Appeal by respondent from Sapp, Judge, 13 November 1972 Session of District Court held in Randolph County.

In a petition filed in district court, respondent, Richard Stanley, a juvenile, was alleged to be:

“. . . a delinquent child as defined by G.S. 7A-278(2) in that at and in the county named above and on or about the 15th day of October, 1972, the child did unlawfully and wilfully assault Somya D. Williams, Age, 10, with a pellet gun, a deadly weapon by shooting her in the foot.”

In a hearing on the petition conducted by Judge Sapp, the juvenile and his parents were in attendance. Thereafter, Judge Sapp made the following pertinent findings:

“That Richard Stanley did unlawfully and wilfully assault ■ Somya D. Williams, with a pellet gun by shooting her in the foot.”

“The court finds said child or children to be delinquent within the juvenile jurisdiction of the court as defined by G.S. 7A-278 (2)

From a judgment placing respondent on probation for a period of 12 months “under the usual terms1 of probation and the following specific terms. . . .”, respondent appealed.

Attorney General Robert Morgan and Associate Attorney John M. Silver stein for the State.

Ottway Burton for respondent appellant.

*371HEDRICK, Judge.

Respondent’s first assignment of error presents the question of whether the trial judge properly apprised the juvenile and his parents of their right to counsel.

Apparently, no record of the proceedings before Judge Sapp was made, nor did the judge summarize the evidence as provided by Rule 19(g) of the Rules of Practice in the Court of Appeals. The record before us contains only the summons, juvenile petition, juvenile adjudication order and a narrative statement of the proceedings apparently prepared by respondent’s attorney from the recollections of one of the witnesses at the hearing.
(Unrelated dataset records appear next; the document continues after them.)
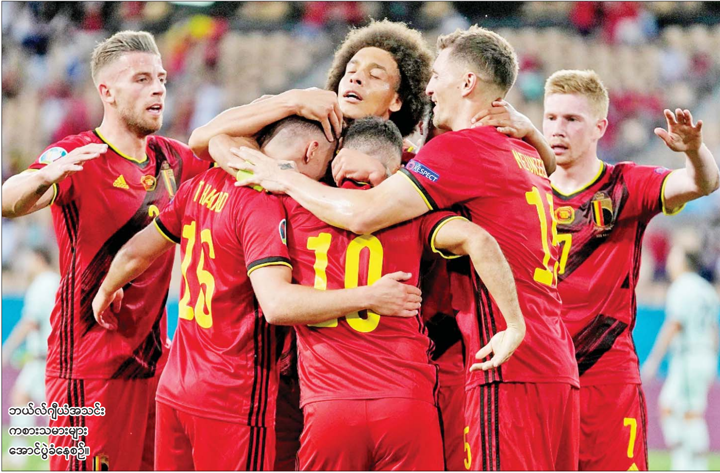
ဘယ်လ်ဂျီယံအသင်းကစားသမားများအောင်ပွဲခံနေစဉ်။
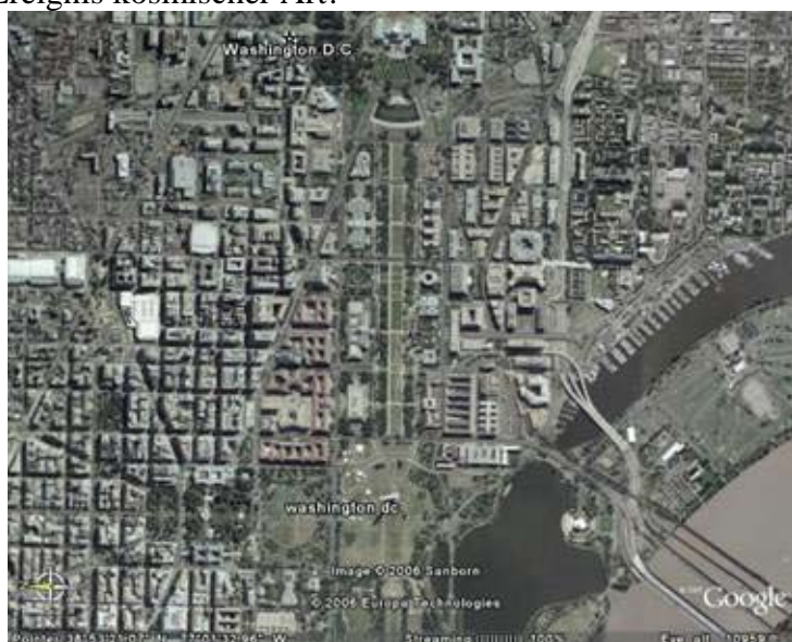
Bild 8 Sehen Sie die kleine Pyramide? Ziehen Sie eine Linie vom Capitol Hill zum White House, weiter zum Jefferson Memorial und zurück zum Capitol Hill. Es ergibt eine Pyramide, mit einer Grundseitenlänge von 1.1 Meile oder 1.776 Kilometer.

Die Architektur von Washington DC verkündet den Beginn eines neuen geistigen Zeitalters. Es ist ein Ereignis kosmischer Art!
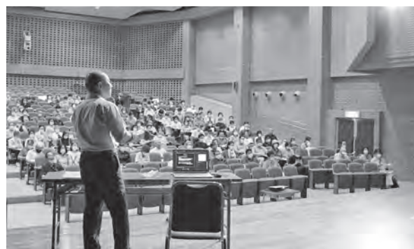
地域福祉推進セミナーの開催
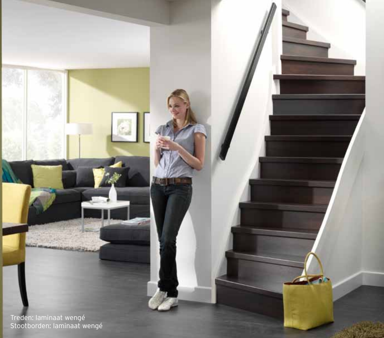
Treden: laminaat wengé Stootborden: laminaat wengé
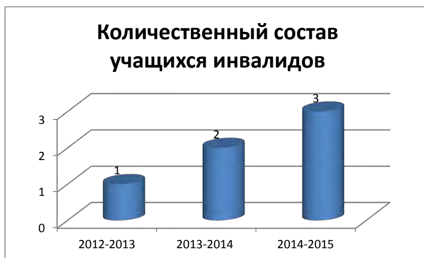
Рис. 2. Количественный состав учащихся-инвалидов

Учащиеся в количестве 5 человек обучаются на дому по индивидуальным программам, составленным с учетом пожеланий законных представителей обучающихся: 1 класс - 2 человека (1ребёнок-инвалид, 1-ОВЗ), 3 класс – 1 человек(1ребёнок -ОВЗ), 4 класс – 2 человека (1ребёно-инвалид, 1-ОВЗ). С этим контингентом учащихся работает 7 педагогов.
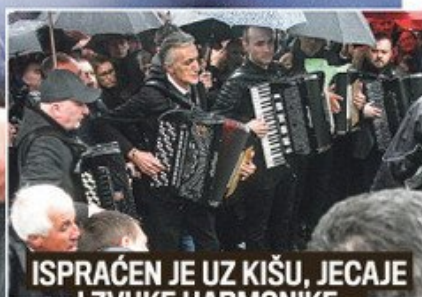
ISPRAČEN JE UZ KIŠU, JECAJE I ZVUKE HARMONIKE...
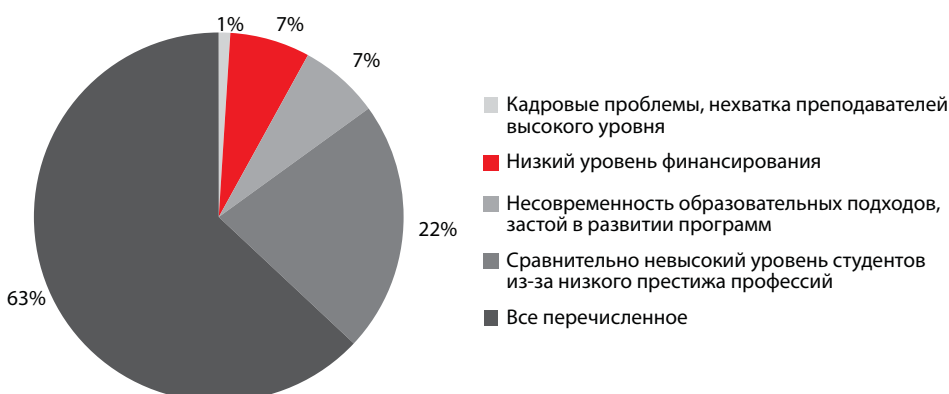
График 3. Что препятствует, по-вашему мнению, росту качества подготовки по массовым социально значимым направлениям (учителя, врачи, агрономы)?
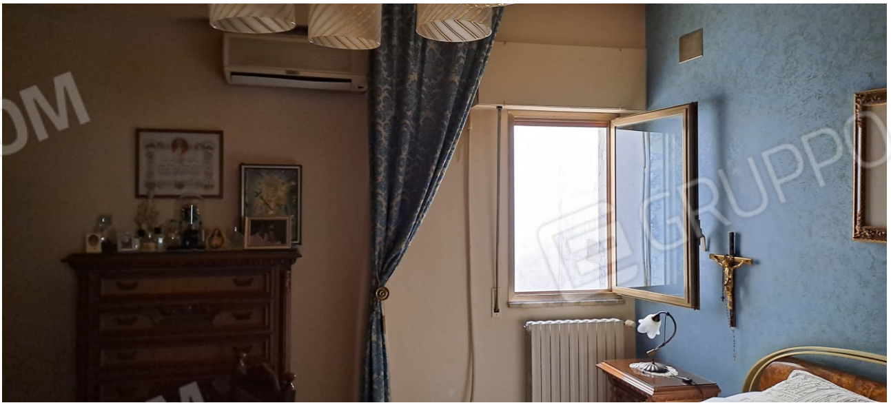
Figura 15 - camera letto matrimoniale
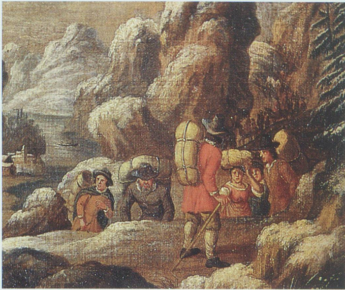
In Ermangelung von Saumpferden gelangte der «verkaufte Kernen» während der Hungersnot von 1770/71 durch Trägerkolonnen von Kleven (Chiavenna) über den Splügenpass in die Ostschweiz.
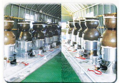
△용기 소켓고리에서 증류로 받는 원료들

(주)산사새아침 생약 발효화장품 스킨케어 제품은 기본재료를 1년이상 숙성 발효하여 용기 소켓고리에서 12~13시간을 거쳐 증류로 받는 원료 그대로를 제품화 하였습니다. 특히, 아토피, 여드름, 기미, 주름개선, 미백, 트러블에 좋은 화장품으로 식약청 인정 및 특허제품입니다. '산사새아침' 제품의 천연 원료는 우리나라 토종 지렁이인 참지렁이(red worms)를 직접 사용하여 1년이상 땅속에 묻어 숙성 과정을 거쳐 우리네 선조들의 전통 전례법제 공법인 용기(소주고리)로 한 방울씩 모아 하루 약 12시간 증류하여 제조한 것입니다.
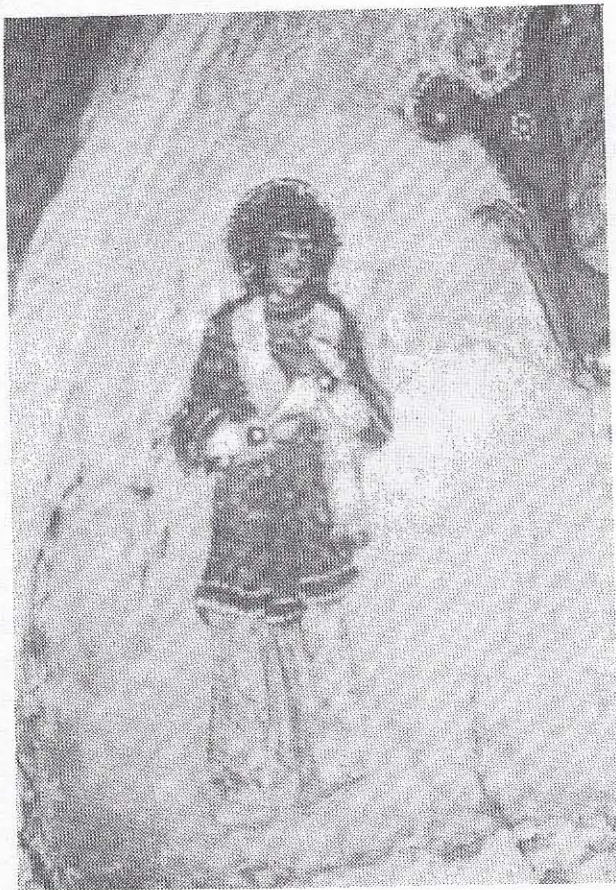
‘Ο λευκοντυμένος αρχάγγελος ἐφαινόταν πανώρως... (‘Ανάβατος, Χίου)*.

φος, «ἔβαλα ὄλη μου τὴ μπόρσση, ὄλη μου τὴν ἀγάπη, ὄλη μου τὴν πίστη· κ’ ἡ Παναγία ἄκουσε τὰ παρακάλλια μου».
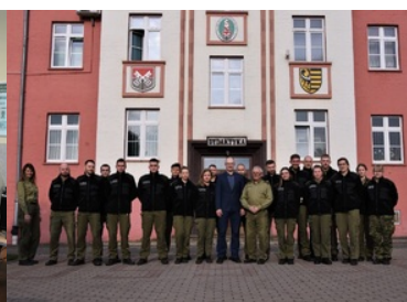
Warsztaty nt.: „Dokumenty publiczne – podstawa prawna, wytwórczość i ich zabezpieczenia”
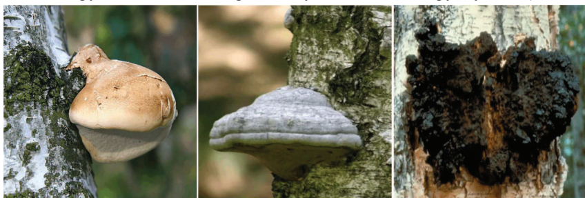
Рис. 4. Базидіоми дереворуйнівних грибів берези повислої: Piptoporus betulinus (зліва), Fomes fomentarius (у центрі), Inonotus obliquus та безплідні нарости – чага (справа)

Серед дереворуйнівних грибів у дослідному регіоні найчастіше трапляється березова губка ( Piptoporus betulinus ), яка інтенсивно уражує дерева берези у т. зв. жердняному віці, спричиняючи стовбурову, ядрово-заболонну, буру, деструктивну, мішану гниль. Вважається, що зараження відбуваються через пошкодження. Разом з тим, встановлено наявність базидіом P. betulinus на зовнішньо непошкоджених стовбурах (рис. 4). Можливо, P. betulinus є складником аутомікобіоти берези (дослідження у цьому напрямку наразі проводимо). Базидіоми березової губки спочатку кулястої форми, з часом вичавлюються з-під кори, забарвлення – від білого до кремово- і темно-сірого, тканина – біла, м'яка. Гіменофор трубчастий, одношаровий; округлі пори в діаметрі до 0,35 мм; безбарвні, циліндричні базидіоспори 5,2×1,36 мкм [4]. Треба зазначити, що на окремих базидіомах P. betulinus відзначено споруючі навесні. Це свідчить про те, що в досліджуваному регіоні вона може мати півторарічну генерацію (після весняної споруючої базидіоми березової губки інтенсивно руйнуються).
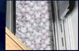
Bac à glace / marinades et planche à découper intégrés (modèle LEX485 exclu)
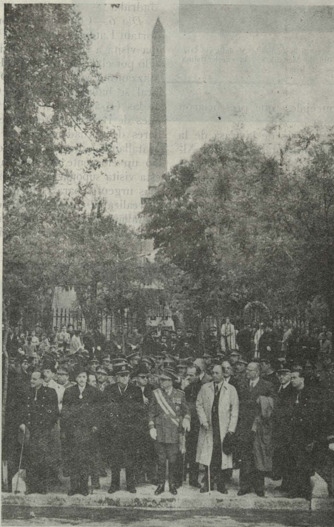
Las autoridades que asistieron a la misa celebrada ante el obelisco que guarda los restos de los héroes del Dos de Mayo

Día 3.—A mediodía acudieron al Ayuntamiento numerosas comparsas de majas y chisperos que, procedentes de la barriada de Chamberí, donde se están celebrando las fiestas de la Cruz de Mayo, escoltaban una artística y monumental cruz de flores. Al llegar a la plaza de la Villa, muchachas de la Sección Femenina bailaron unas seguidillas castellanas ante la cruz, recibiendo muchos aplausos del
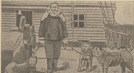
די קאנקורענצן ווענען נאירמאל: דער ערשטערער מירלע ווען ווען ווער.

נאכדעם ווי מירלע די שטאנדישע נעלענען, צו ער ווענען אלע שווערענענען און איינצוויינענען נענען מיליטע קיין מיליטע, האבען זיי אנגעוויזען דעם אפער- ווערעכטע קענען די קאפולען. לעצטע האבען זיי נאך דעם קעס און זיי נע- לענען, די קאפולען צו פערשטענען פון ווערע שטעלענען און צוויינענענען א נישט שווער ווען פון דער פערשטענען נאר אזוי ווי אויך ביי די פארטווענע קעסעס האבען די קאפולען צווייטע אויסגענעט די שטאנדישע
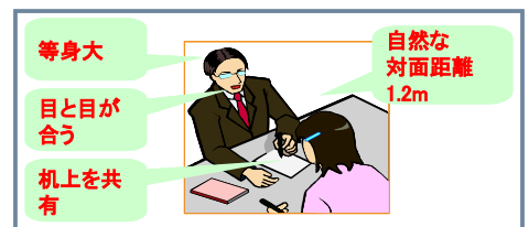
第2図 対面空間を共有する通信システム Tele-Face
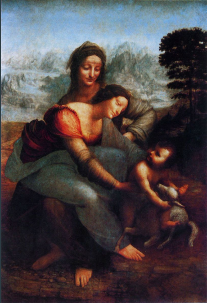
Св. Анна с Марией и младенцем Христом
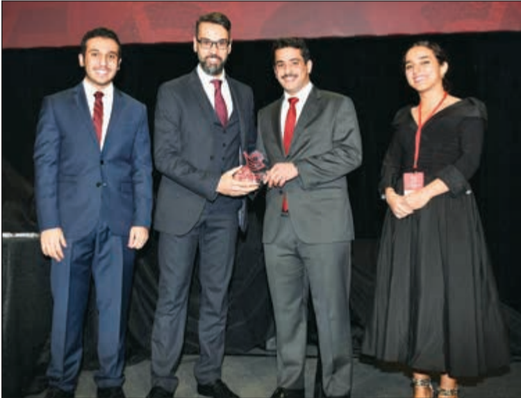
تكريم عمار تقي

فريق «الانباء» - سان دييغو كاليفورنيا بحالة من الحزن والغضب، غادر سفيرانا لدى واشنطن الشيخ سالم العبدالله الحفل الختامي للمؤتمر الـ 36 للاتحاد لطلبة الكويت في اميركا والذي انعقد في مدينة سان دييغو بكاليفورنيا في اعقاب اعمال التخريب التي أدت الى إلغاء الانتخابات وتركت الاتحاد تحت إدارة قيادة مؤتمنة من اللجنة التنفيذية للاتحاد الوطني. وقبل ان يتوجه بخطوات سريعة مغادراً قاعة المؤتمر في فندق «ماريوت ماركينز»، ألقى سفيرانا كلمة مقتضبة جاء فيها: كنت اتطلع الى تهنئة الهيئة الادارية الجديدة خلال ممارسة ديموقراطية شفافة، لكن ذلك لم يحدث بسبب تصرفات غير مسؤولة حرمت الطلاب
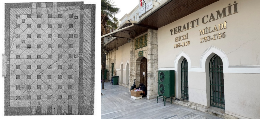
Resim 2. Yeraltı Camii'nin Kat Planı
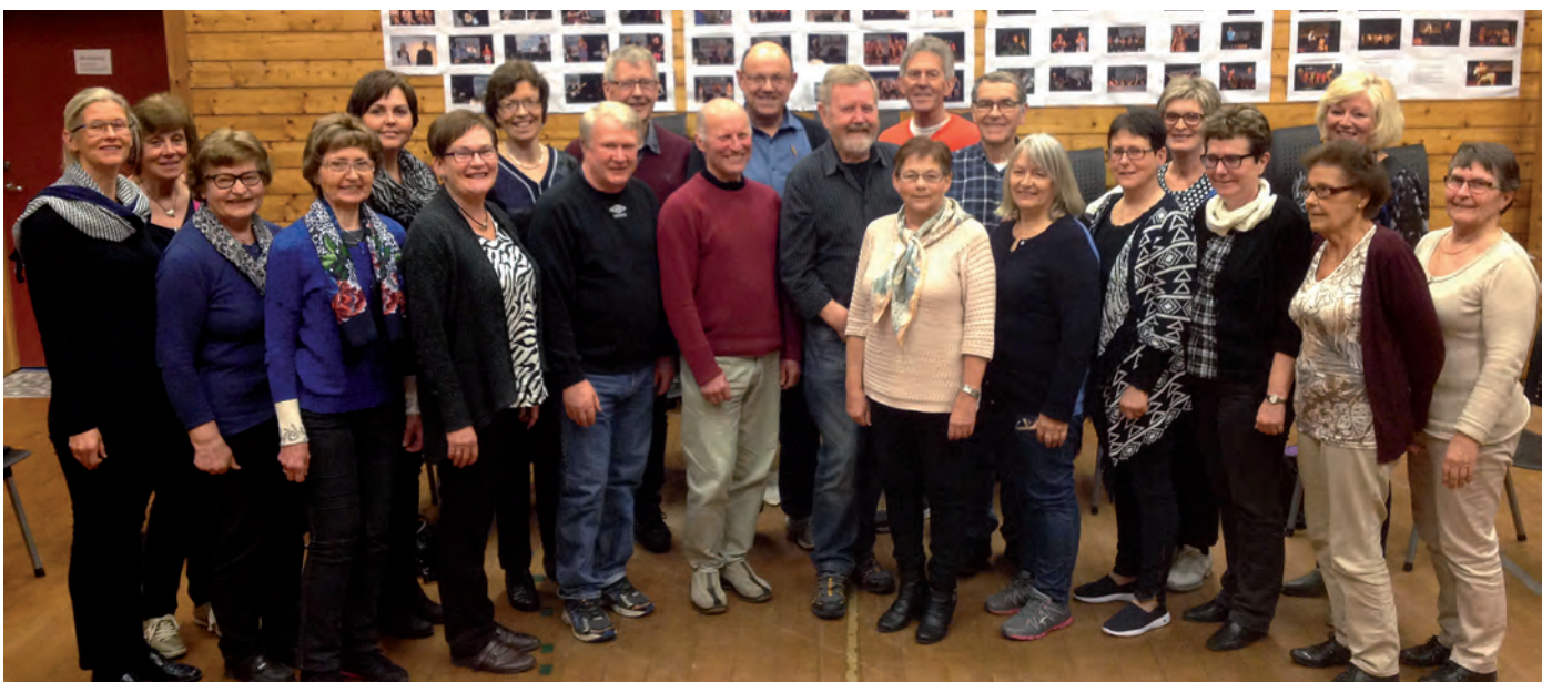
KJEM TIL HOSANGER: Tysnes Kammerkor tel 24 songarar, og er eit direkte framhald av blandakoret «Kor som helst»..
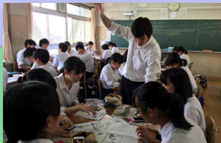
外国人講師と学ぶ批判的思考
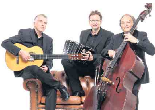
Das „Trio Tipico Westfalica“ spielt am „Argentinischen Abend“ im Steakhaus La Estancia in Bad Driburg

In juvenile hearings, “the judge shall . . . protect the rights of the child and his parents in order to assure due process of law, including . . . the right to counsel. . . .” (Emphasis added.) G.S. 7A-285. While the “juvenile adjudication order” entered in this cause recites “that the parties know of their right to counsel and of the child’s right, if indigent, to assigned counsel in cases where the child may be committed to a State institution. . . .”, nothing in the record shows that respondent’s parents were advised by the judge of their right, if indigent, to appointment of counsel or that they waived that right. In In re Garcia, 9 N.C. App. 691, 693-94, 177 S.E. 2d 461, 463 (1970), Judge Campbell, speaking to the identical point here raised, said:

“In the present situation, there is a finding in the summary filed by the trial judge to the effect that the juvenile’s mother knew or had been informed that she could have an attorney represent her son if she so desired. But there is nothing to show that she was advised of her rights to have an attorney appointed for her if she was unable to afford one herself or that she knowingly waived such right. She was not ‘confronted with the need for specific consideration of whether they did or did not choose to waive the right’ to counsel. This is required by Gault, [In re Gault, 387 U.S. 1, 87 S.Ct. 1428, 18 L.Ed. 2d 527 (1967)] and the language of the General Statutes of North Carolina demands no less.”

Because the record fails to disclose that respondent’s parents were apprised of their right, if indigent, to appointment of *372counsel, or that they waived that right, the order appealed from is

Reversed.

Judges Campbell and Morris concur.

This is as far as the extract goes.